## [Information shown]

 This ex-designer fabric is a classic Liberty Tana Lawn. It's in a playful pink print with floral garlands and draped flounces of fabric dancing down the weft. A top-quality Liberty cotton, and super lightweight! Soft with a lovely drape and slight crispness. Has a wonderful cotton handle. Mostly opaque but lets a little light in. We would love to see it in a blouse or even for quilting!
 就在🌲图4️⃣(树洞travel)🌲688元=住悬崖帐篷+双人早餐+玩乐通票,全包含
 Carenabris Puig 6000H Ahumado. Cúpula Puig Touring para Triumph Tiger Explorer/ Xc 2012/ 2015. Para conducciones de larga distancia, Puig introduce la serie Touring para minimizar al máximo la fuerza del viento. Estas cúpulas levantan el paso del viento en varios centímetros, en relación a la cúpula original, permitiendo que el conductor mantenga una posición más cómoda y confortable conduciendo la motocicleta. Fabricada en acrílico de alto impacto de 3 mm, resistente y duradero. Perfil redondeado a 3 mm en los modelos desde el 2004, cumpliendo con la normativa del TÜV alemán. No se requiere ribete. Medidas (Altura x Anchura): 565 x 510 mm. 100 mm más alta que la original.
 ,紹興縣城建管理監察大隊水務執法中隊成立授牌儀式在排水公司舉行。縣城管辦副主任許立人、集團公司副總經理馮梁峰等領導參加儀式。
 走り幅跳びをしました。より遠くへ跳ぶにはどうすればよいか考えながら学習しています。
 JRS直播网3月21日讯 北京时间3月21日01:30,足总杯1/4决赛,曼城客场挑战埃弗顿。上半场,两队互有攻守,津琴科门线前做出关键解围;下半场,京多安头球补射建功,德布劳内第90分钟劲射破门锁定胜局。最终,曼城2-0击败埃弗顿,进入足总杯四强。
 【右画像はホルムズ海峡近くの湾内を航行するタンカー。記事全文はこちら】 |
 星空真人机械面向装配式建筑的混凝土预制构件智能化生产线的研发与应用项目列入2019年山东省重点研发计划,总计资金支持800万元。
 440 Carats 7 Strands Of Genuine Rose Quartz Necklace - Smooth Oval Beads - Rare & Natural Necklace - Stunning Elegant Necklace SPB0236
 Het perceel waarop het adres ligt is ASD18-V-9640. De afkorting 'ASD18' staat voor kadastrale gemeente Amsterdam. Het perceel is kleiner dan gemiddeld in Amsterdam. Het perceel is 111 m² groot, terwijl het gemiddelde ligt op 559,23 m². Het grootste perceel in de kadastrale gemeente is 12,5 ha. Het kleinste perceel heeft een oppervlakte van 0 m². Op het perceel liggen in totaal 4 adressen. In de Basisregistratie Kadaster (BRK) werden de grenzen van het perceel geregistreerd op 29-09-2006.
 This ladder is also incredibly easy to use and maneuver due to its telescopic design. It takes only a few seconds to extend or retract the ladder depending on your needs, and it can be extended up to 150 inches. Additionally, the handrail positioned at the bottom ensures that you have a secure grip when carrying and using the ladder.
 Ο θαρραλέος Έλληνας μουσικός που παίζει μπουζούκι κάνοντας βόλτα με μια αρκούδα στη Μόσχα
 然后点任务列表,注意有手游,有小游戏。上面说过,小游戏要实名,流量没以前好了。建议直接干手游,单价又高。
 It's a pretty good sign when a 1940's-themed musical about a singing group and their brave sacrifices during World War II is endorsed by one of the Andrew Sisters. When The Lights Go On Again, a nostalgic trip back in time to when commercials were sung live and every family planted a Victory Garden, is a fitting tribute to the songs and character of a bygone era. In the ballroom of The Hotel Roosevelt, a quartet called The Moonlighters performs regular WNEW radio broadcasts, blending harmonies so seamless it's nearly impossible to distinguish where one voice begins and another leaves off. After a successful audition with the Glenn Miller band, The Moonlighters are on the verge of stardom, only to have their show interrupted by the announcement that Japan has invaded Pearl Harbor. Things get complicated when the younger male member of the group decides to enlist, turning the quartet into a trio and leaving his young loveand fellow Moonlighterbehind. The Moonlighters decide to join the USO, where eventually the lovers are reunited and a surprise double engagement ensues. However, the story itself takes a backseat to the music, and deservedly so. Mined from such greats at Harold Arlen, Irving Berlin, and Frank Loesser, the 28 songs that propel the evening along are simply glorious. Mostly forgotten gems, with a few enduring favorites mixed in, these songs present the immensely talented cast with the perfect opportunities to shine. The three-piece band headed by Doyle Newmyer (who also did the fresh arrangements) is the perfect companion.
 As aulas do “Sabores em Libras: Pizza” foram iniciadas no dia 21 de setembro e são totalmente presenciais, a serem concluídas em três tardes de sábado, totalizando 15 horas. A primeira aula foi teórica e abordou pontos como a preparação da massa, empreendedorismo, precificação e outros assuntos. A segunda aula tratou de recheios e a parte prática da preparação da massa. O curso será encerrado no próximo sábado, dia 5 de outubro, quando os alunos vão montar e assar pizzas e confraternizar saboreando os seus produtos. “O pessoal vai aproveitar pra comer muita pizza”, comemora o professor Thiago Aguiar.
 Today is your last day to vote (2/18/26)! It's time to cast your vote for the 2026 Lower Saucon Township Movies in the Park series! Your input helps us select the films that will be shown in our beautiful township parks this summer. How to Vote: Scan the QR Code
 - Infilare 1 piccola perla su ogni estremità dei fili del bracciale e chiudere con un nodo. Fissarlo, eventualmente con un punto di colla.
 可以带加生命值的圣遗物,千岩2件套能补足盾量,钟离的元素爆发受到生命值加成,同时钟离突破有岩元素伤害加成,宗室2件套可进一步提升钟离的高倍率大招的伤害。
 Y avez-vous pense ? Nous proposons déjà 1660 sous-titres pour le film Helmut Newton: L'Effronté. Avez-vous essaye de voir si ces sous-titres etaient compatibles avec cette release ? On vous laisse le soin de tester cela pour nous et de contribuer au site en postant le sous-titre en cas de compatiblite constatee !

## [What to work on]
Going through the material above, reproduce every line exactly.

## [Answer box]
 This ex-designer fabric is a classic Liberty Tana Lawn. It's in a playful pink print with floral garlands and draped flounces of fabric dancing down the weft. A top-quality Liberty cotton, and super lightweight! Soft with a lovely drape and slight crispness. Has a wonderful cotton handle. Mostly opaque but lets a little light in. We would love to see it in a blouse or even for quilting!
 就在🌲图4️⃣(树洞travel)🌲688元=住悬崖帐篷+双人早餐+玩乐通票,全包含
 Carenabris Puig 6000H Ahumado. Cúpula Puig Touring para Triumph Tiger Explorer/ Xc 2012/ 2015. Para conducciones de larga distancia, Puig introduce la serie Touring para minimizar al máximo la fuerza del viento. Estas cúpulas levantan el paso del viento en varios centímetros, en relación a la cúpula original, permitiendo que el conductor mantenga una posición más cómoda y confortable conduciendo la motocicleta. Fabricada en acrílico de alto impacto de 3 mm, resistente y duradero. Perfil redondeado a 3 mm en los modelos desde el 2004, cumpliendo con la normativa del TÜV alemán. No se requiere ribete. Medidas (Altura x Anchura): 565 x 510 mm. 100 mm más alta que la original.
 ,紹興縣城建管理監察大隊水務執法中隊成立授牌儀式在排水公司舉行。縣城管辦副主任許立人、集團公司副總經理馮梁峰等領導參加儀式。
 走り幅跳びをしました。より遠くへ跳ぶにはどうすればよいか考えながら学習しています。
 JRS直播网3月21日讯 北京时间3月21日01:30,足总杯1/4决赛,曼城客场挑战埃弗顿。上半场,两队互有攻守,津琴科门线前做出关键解围;下半场,京多安头球补射建功,德布劳内第90分钟劲射破门锁定胜局。最终,曼城2-0击败埃弗顿,进入足总杯四强。
 【右画像はホルムズ海峡近くの湾内を航行するタンカー。記事全文はこちら】 |
 星空真人机械面向装配式建筑的混凝土预制构件智能化生产线的研发与应用项目列入2019年山东省重点研发计划,总计资金支持800万元。
 440 Carats 7 Strands Of Genuine Rose Quartz Necklace - Smooth Oval Beads - Rare & Natural Necklace - Stunning Elegant Necklace SPB0236
 Het perceel waarop het adres ligt is ASD18-V-9640. De afkorting 'ASD18' staat voor kadastrale gemeente Amsterdam. Het perceel is kleiner dan gemiddeld in Amsterdam. Het perceel is 111 m² groot, terwijl het gemiddelde ligt op 559,23 m². Het grootste perceel in de kadastrale gemeente is 12,5 ha. Het kleinste perceel heeft een oppervlakte van 0 m². Op het perceel liggen in totaal 4 adressen. In de Basisregistratie Kadaster (BRK) werden de grenzen van het perceel geregistreerd op 29-09-2006.
 This ladder is also incredibly easy to use and maneuver due to its telescopic design. It takes only a few seconds to extend or retract the ladder depending on your needs, and it can be extended up to 150 inches. Additionally, the handrail positioned at the bottom ensures that you have a secure grip when carrying and using the ladder.
 Ο θαρραλέος Έλληνας μουσικός που παίζει μπουζούκι κάνοντας βόλτα με μια αρκούδα στη Μόσχα
 然后点任务列表,注意有手游,有小游戏。上面说过,小游戏要实名,流量没以前好了。建议直接干手游,单价又高。
 It's a pretty good sign when a 1940's-themed musical about a singing group and their brave sacrifices during World War II is endorsed by one of the Andrew Sisters. When The Lights Go On Again, a nostalgic trip back in time to when commercials were sung live and every family planted a Victory Garden, is a fitting tribute to the songs and character of a bygone era. In the ballroom of The Hotel Roosevelt, a quartet called The Moonlighters performs regular WNEW radio broadcasts, blending harmonies so seamless it's nearly impossible to distinguish where one voice begins and another leaves off. After a successful audition with the Glenn Miller band, The Moonlighters are on the verge of stardom, only to have their show interrupted by the announcement that Japan has invaded Pearl Harbor. Things get complicated when the younger male member of the group decides to enlist, turning the quartet into a trio and leaving his young loveand fellow Moonlighterbehind. The Moonlighters decide to join the USO, where eventually the lovers are reunited and a surprise double engagement ensues. However, the story itself takes a backseat to the music, and deservedly so. Mined from such greats at Harold Arlen, Irving Berlin, and Frank Loesser, the 28 songs that propel the evening along are simply glorious. Mostly forgotten gems, with a few enduring favorites mixed in, these songs present the immensely talented cast with the perfect opportunities to shine. The three-piece band headed by Doyle Newmyer (who also did the fresh arrangements) is the perfect companion.
 As aulas do “Sabores em Libras: Pizza” foram iniciadas no dia 21 de setembro e são totalmente presenciais, a serem concluídas em três tardes de sábado, totalizando 15 horas. A primeira aula foi teórica e abordou pontos como a preparação da massa, empreendedorismo, precificação e outros assuntos. A segunda aula tratou de recheios e a parte prática da preparação da massa. O curso será encerrado no próximo sábado, dia 5 de outubro, quando os alunos vão montar e assar pizzas e confraternizar saboreando os seus produtos. “O pessoal vai aproveitar pra comer muita pizza”, comemora o professor Thiago Aguiar.
 Today is your last day to vote (2/18/26)! It's time to cast your vote for the 2026 Lower Saucon Township Movies in the Park series! Your input helps us select the films that will be shown in our beautiful township parks this summer. How to Vote: Scan the QR Code
 - Infilare 1 piccola perla su ogni estremità dei fili del bracciale e chiudere con un nodo. Fissarlo, eventualmente con un punto di colla.
 可以带加生命值的圣遗物,千岩2件套能补足盾量,钟离的元素爆发受到生命值加成,同时钟离突破有岩元素伤害加成,宗室2件套可进一步提升钟离的高倍率大招的伤害。
 Y avez-vous pense ? Nous proposons déjà 1660 sous-titres pour le film Helmut Newton: L'Effronté. Avez-vous essaye de voir si ces sous-titres etaient compatibles avec cette release ? On vous laisse le soin de tester cela pour nous et de contribuer au site en postant le sous-titre en cas de compatiblite constatee !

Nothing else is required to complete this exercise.